Department of Psychology, Harvard University, Cambridge, MA, USA.
Center for Magnetic Resonance Research, Department of Radiology, University of Minnesota, Minneapolis, MN, USA.
Nat Commun. 2024 Oct 30;15(1):9383. doi: 10.1038/s41467-024-53147-y.

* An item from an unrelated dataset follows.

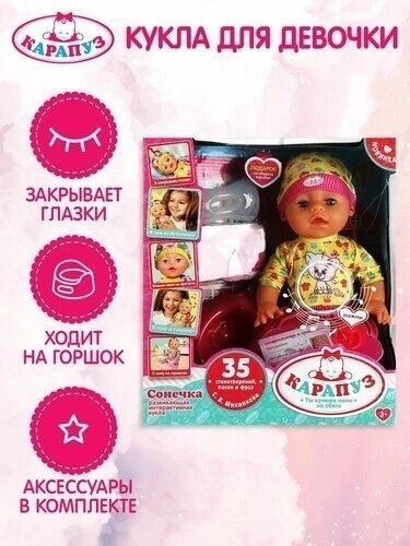 Пупс Карапуз "Сонечка", озвученный, стихи С. Михалкова, 35 см, пьет, писает, закрывает глаза, 4 аксессуара (Y35BB-DP-22-RU) информация:
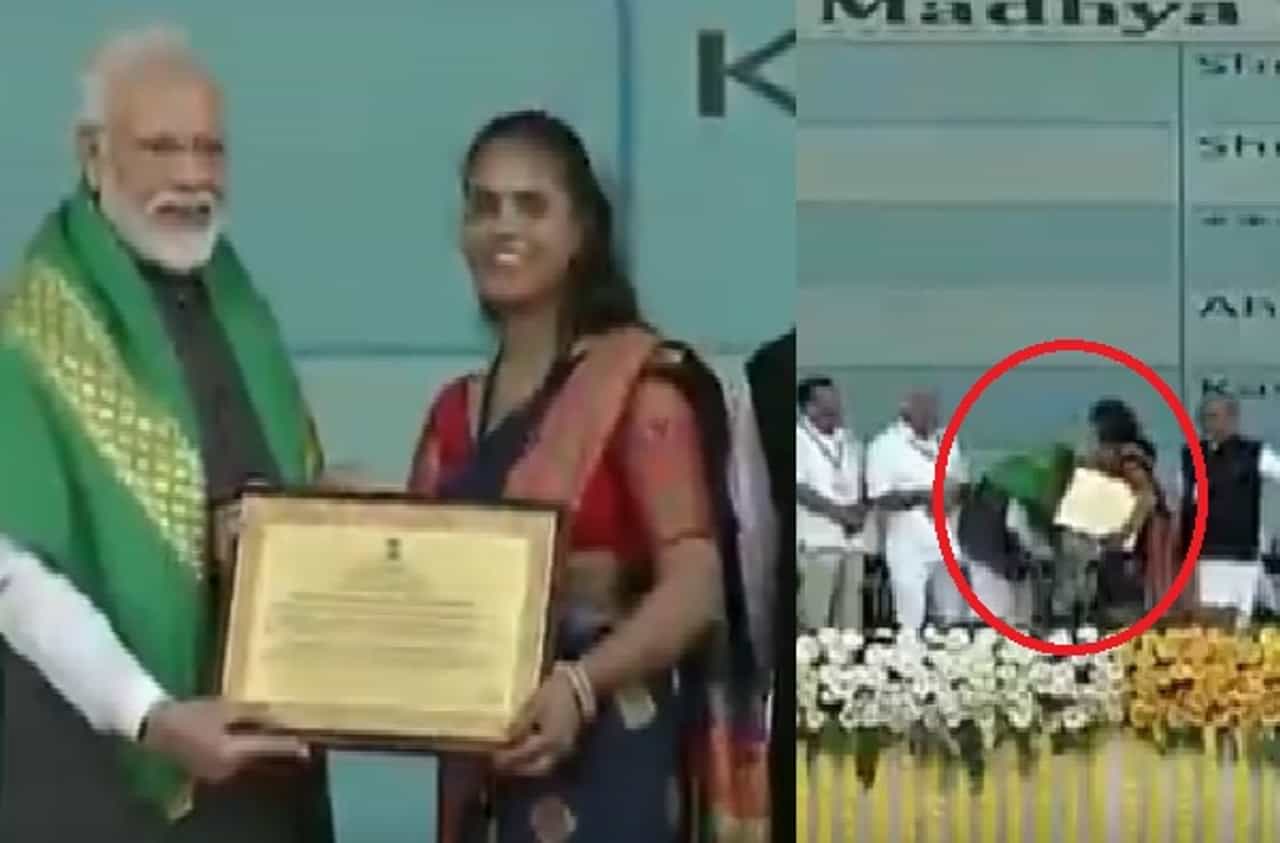 पुरस्कारासाठी नाव पुकारताच संबंधित महिला स्टेजवर आली. त्यावेळी नरेंद्र मोदींनी तिला हात जोडून नमस्कार केला. प्रशस्तिपत्रक देत मोदींच्या हस्ते तिचा सत्कार करण्यात आला. त्यानंतर सर्वसामान्यपणे जे होतं, तेच घडलं. सन्मानार्थी महिला मोदींच्या पाया पडायला गेली. तेव्हा नरेंद्र मोदींनी तिला अडवलं. इतक्यावर न थांबता, ते स्वत: तिच्या पाया पडण्यासाठी झुकले.

The rapid release of high-performing computer vision models offers new potential to study the impact of different inductive biases on the emergent brain alignment of learned representations. Here, we perform controlled comparisons among a curated set of 224 diverse models to test the impact of specific model properties on visual brain predictivity - a process requiring over 1.8 billion regressions and 50.3 thousand representational similarity analyses. We find that models with qualitatively different architectures (e.g. CNNs versus Transformers) and task objectives (e.g. purely visual contrastive learning versus vision- language alignment) achieve near equivalent brain predictivity, when other factors are held constant. Instead, variation across visual training diets yields the largest, most consistent effect on brain predictivity. Many models achieve similarly high brain predictivity, despite clear variation in their underlying representations - suggesting that standard methods used to link models to brains may be too flexible. Broadly, these findings challenge common assumptions about the factors underlying emergent brain alignment, and outline how we can leverage controlled model comparison to probe the common computational principles underlying biological and artificial visual systems.
高性能计算机视觉模型的快速发布为研究不同归纳偏差对学习表示的新兴大脑对齐的影响提供了新的潜力。在这里,我们对一组经过精心挑选的 224 个不同模型进行了对照比较,以测试特定模型属性对视觉大脑预测性的影响——这一过程需要超过 18 亿次回归和 50300 次表示相似性分析。我们发现,当其他因素保持不变时,具有定性不同架构(例如卷积神经网络与变压器)和任务目标(例如纯粹的视觉对比学习与视觉语言对齐)的模型可以实现近乎等效的大脑预测性。相反,视觉训练方案的变化对大脑预测性产生最大、最一致的影响。尽管模型的基础表示存在明显差异,但许多模型仍能达到相似的高大脑预测性,这表明用于将模型与大脑联系起来的标准方法可能过于灵活。总的来说,这些发现挑战了新兴大脑对齐背后因素的常见假设,并概述了我们如何利用受控模型比较来探究生物和人工视觉系统背后的共同计算原理。